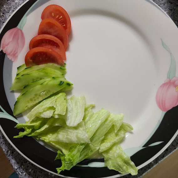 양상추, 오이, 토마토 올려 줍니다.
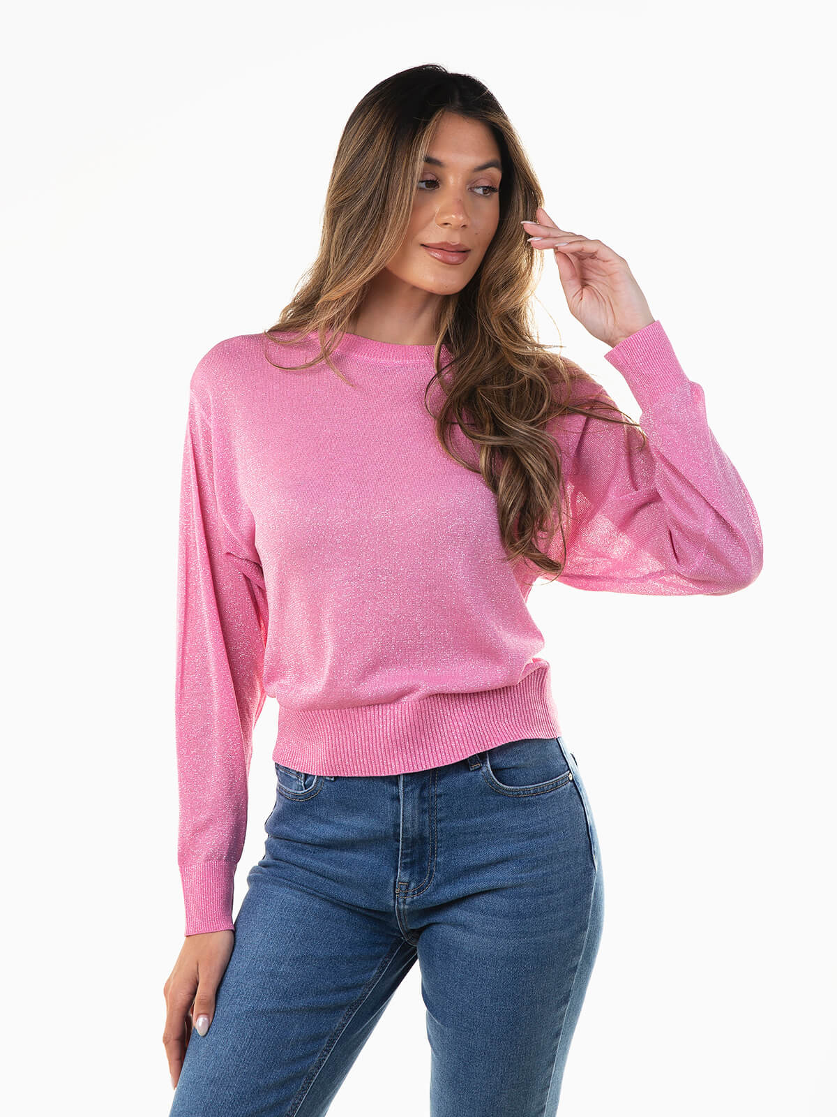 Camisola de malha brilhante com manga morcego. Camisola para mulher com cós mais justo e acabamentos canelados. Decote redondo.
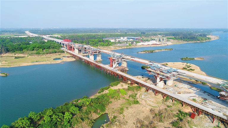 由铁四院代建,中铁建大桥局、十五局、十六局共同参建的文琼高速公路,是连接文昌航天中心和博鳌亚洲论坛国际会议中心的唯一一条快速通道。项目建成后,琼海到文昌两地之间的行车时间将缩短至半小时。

Instructions to follow >> Reproduce the data verbatim and omit each image.

Worked solution >>
 양상추, 오이, 토마토 올려 줍니다.
 Camisola de malha brilhante com manga morcego. Camisola para mulher com cós mais justo e acabamentos canelados. Decote redondo.
 由铁四院代建,中铁建大桥局、十五局、十六局共同参建的文琼高速公路,是连接文昌航天中心和博鳌亚洲论坛国际会议中心的唯一一条快速通道。项目建成后,琼海到文昌两地之间的行车时间将缩短至半小时。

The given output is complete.